Coined by University of Exeter researchers Michelle Ryan and Alexander Haslam in a 2005 study, “the glass cliff” refers to the “phenomenon whereby women (and other minority groups) are more likely to occupy positions of leadership that are risky and precarious.”
Ryan told Vox: “This can happen when share price performance is poor, when facing a scandal, or when the role involves reputational risk.”
There’s a large body of data and research to support the phenomena. A study from Christy Glass and Alison Cook of Utah State University found that “women are more likely than men to be promoted to high risk leadership positions and often lack the support or authority to accomplish their strategic goals. As a result, women leaders often experience shorter tenures compared to male peers.”
While scapegoating is definitely at play in a lot of glass cliff situations, there are also some qualities associated with women, such as being democratic and co-operative, that can make them seem more suitable to navigate tough times.
There are also factors that make women and minority leaders more likely to step up and take on undesirable roles. It may well be their only chance to move into positions of power left open by traditional candidates who pass up the role knowing there are more secure opportunities available to them. There may also be desire to prove their leadership qualities against gender or race bias by taking on seemingly insurmountable tasks.

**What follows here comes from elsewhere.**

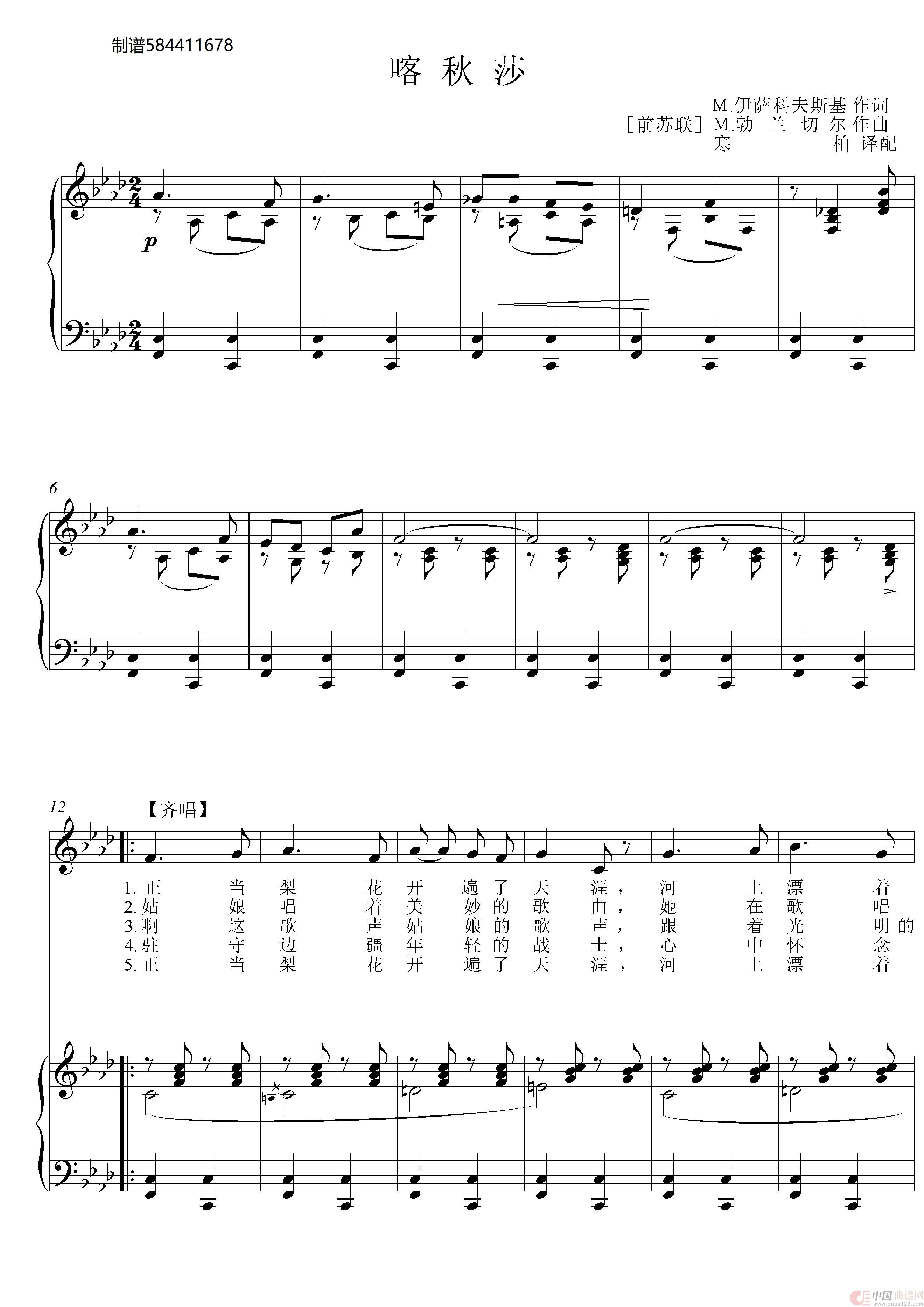 喀秋莎 二声部合唱谱

The glass cliff is not necessarily a prediction of failure: women have come in and turned prospects around, but there’s not a lot of slack when they don’t.
PWC’s annual 2013 CEO study from Strategy& found more women leaders were forced out of office than men — 38% of women CEOs versus 27 % of men. When a woman does fall off the cliff (or is pushed), organisations often return to white male figure heads to take the reins back. (People call it the “savior effect”.) The period of trouble is attached to the departing female and order is restored.
“[Women] get these opportunities, and they’re amazingly talented and extraordinary women, and if something goes wrong, I’m not seeing them get pulled back into another company,” said Cook, the Utah State researcher.
Women taking positions of power should always be celebrated, and their achievements should not be diminished as simply scapegoating. Without a doubt, the retail business needs to open up to accomplished and successful women. But if the industry continues to decline, we must make sure it is not on the the heads of the women who stepped in to clean up the mess.